The INI has a new website!

This is a legacy webpage. Please visit the new site to ensure you are seeing up to date information.

An Isaac Newton Institute Workshop

Recent Advances in Statistical Genetics and Bioinformatics

Modelling the Boundaries of Highly Conserved Non-Coding DNA Sequences in Vertebrates

Authors: Klaudia Walter (MRC Biostatistics Unit, University of Cambridge), Wally Gilks (University of Leeds), Lorenz Wernisch (Birkbeck College, University of London)


A comparison of the human and fish genomes produced more than 1000 highly conserved non-coding elements (CNEs), sequences of DNA that show a remarkable degree of similarity between human and fish despite an evolutionary distance of about 900 million years.

The high sequence conservation suggests that these CNEs possess some kind of function, though neither their function nor which part of their sequence is functional have been well defined yet.

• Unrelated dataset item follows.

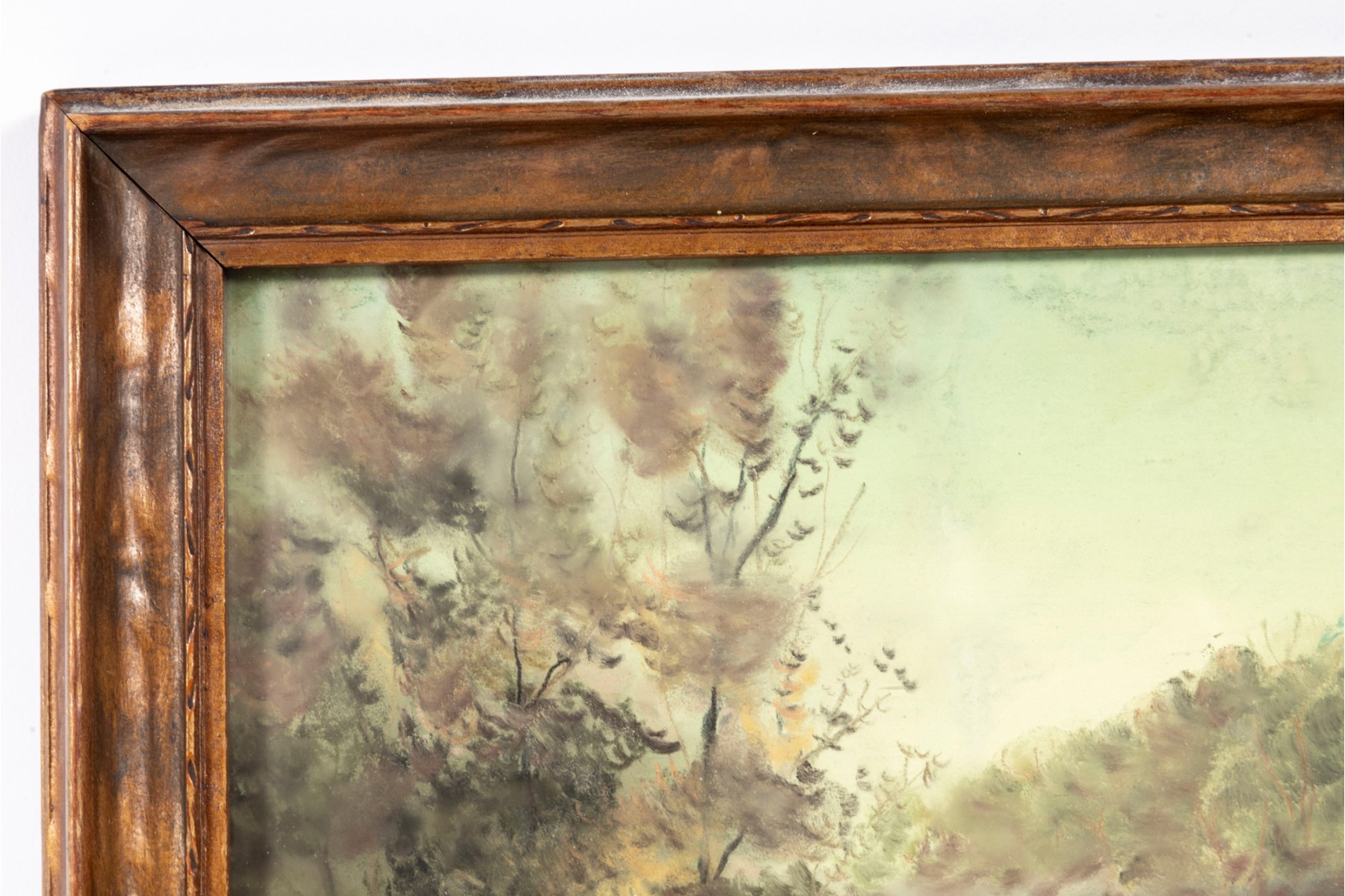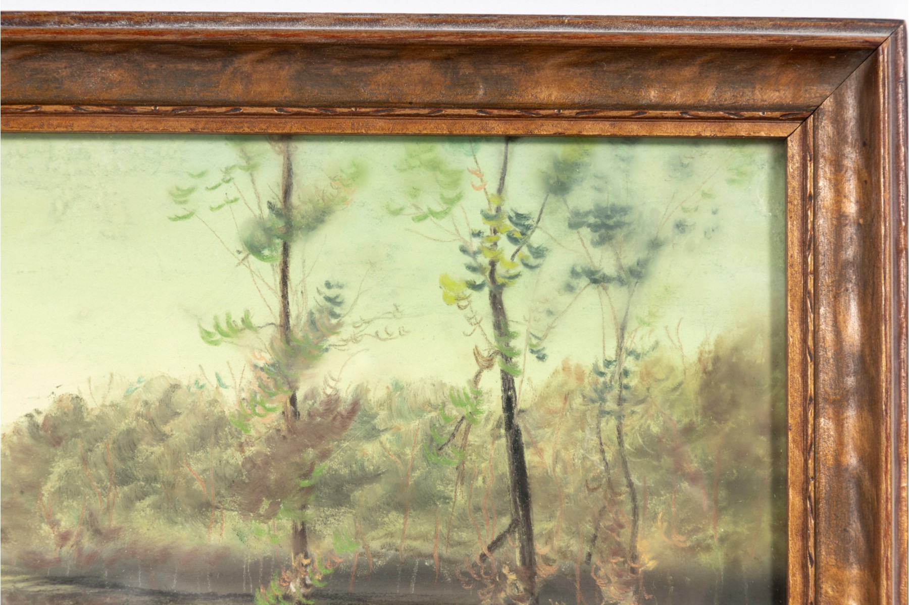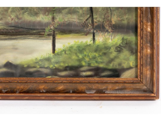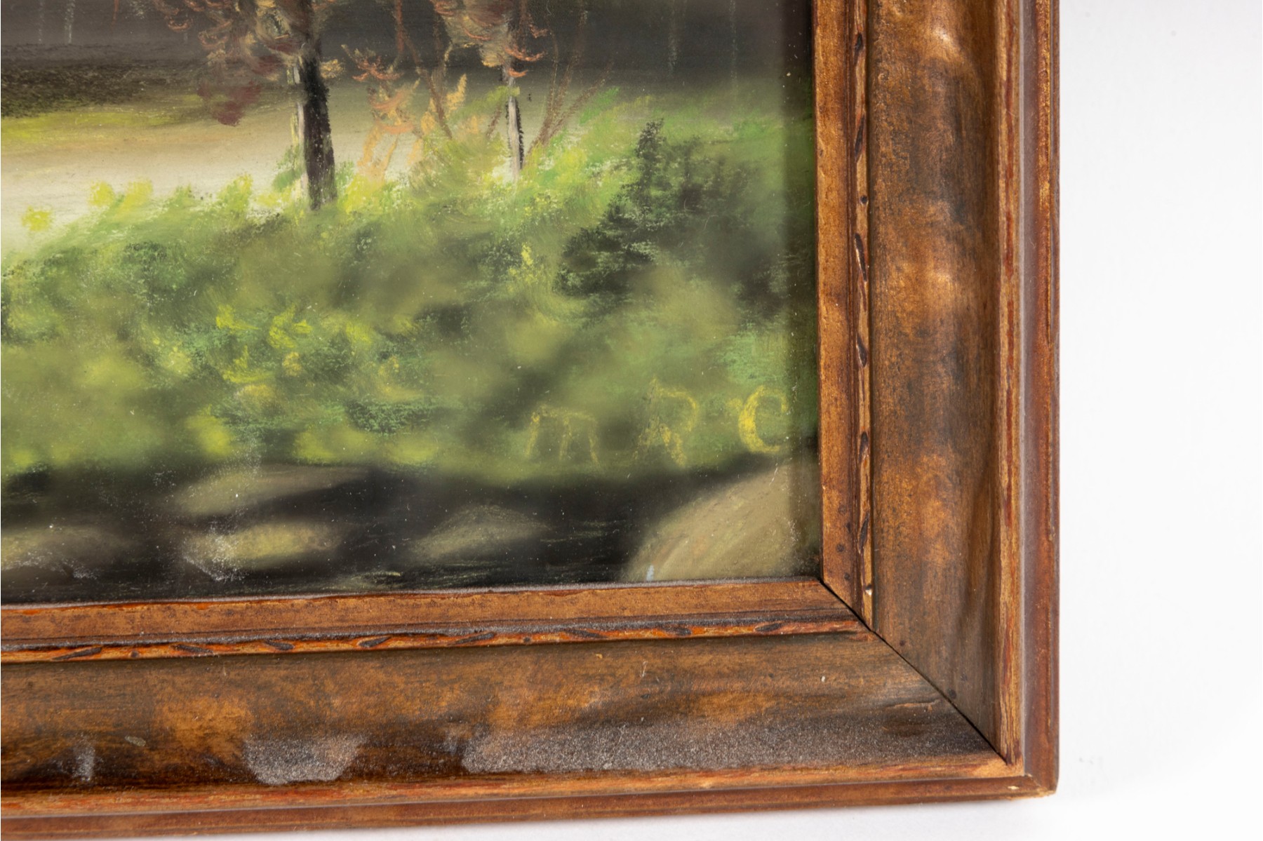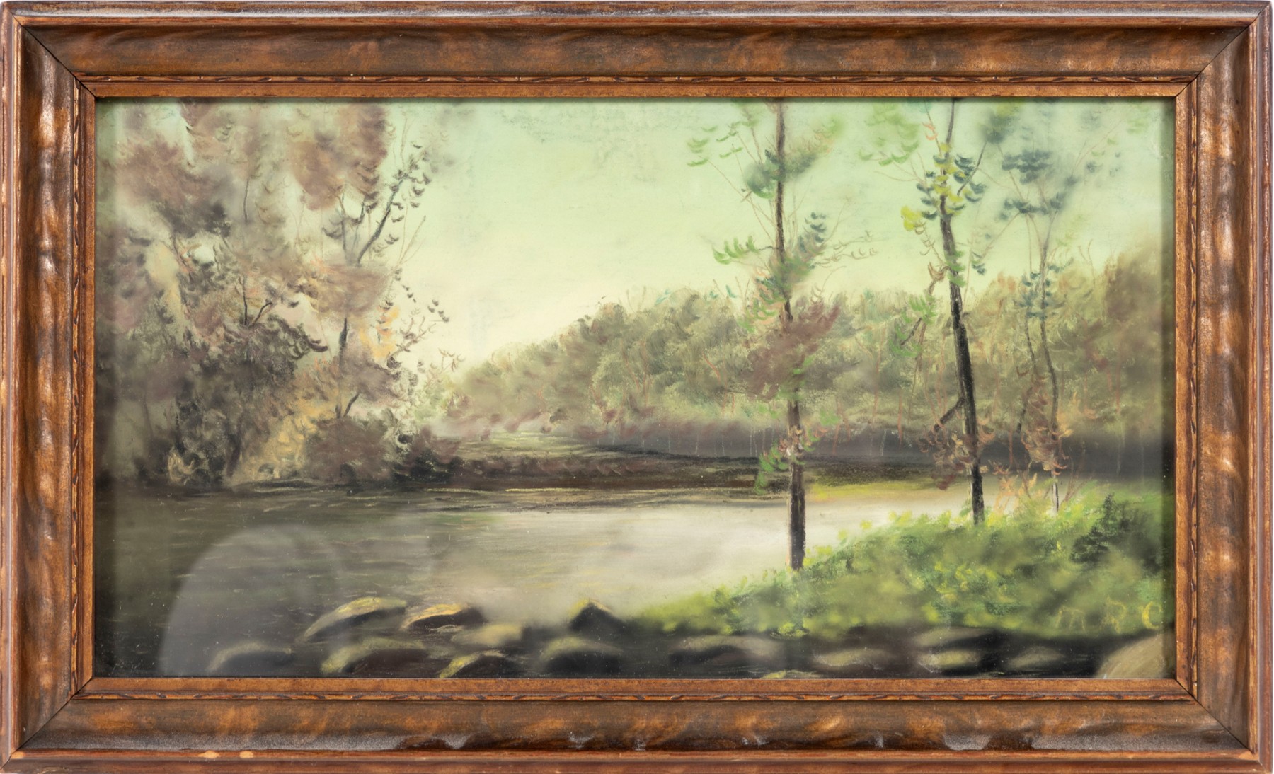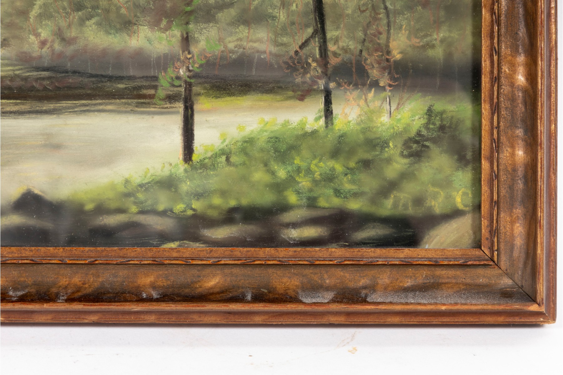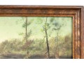 A small oil landscape painting indistinctly marked "MRC" -- unknown, unttiled and presented within a simple wood frame faced with glass.

Since each CNE was defined by a pairwise sequence alignment, its boundary might not be accurate enough to design biological experiments to help identify its role in the genome. In a first step an examination of the CNE's nucleotide composition revealed a striking A+T pattern at the CNE boundary in fish as well as human.

In a step further we propose a probabilistic model that takes into consideration not only nucleotide composition but also phylogenetic information, and that aims to define the functional part of CNEs by using multiple sequence alignments of human, mouse, chicken, frog and fish.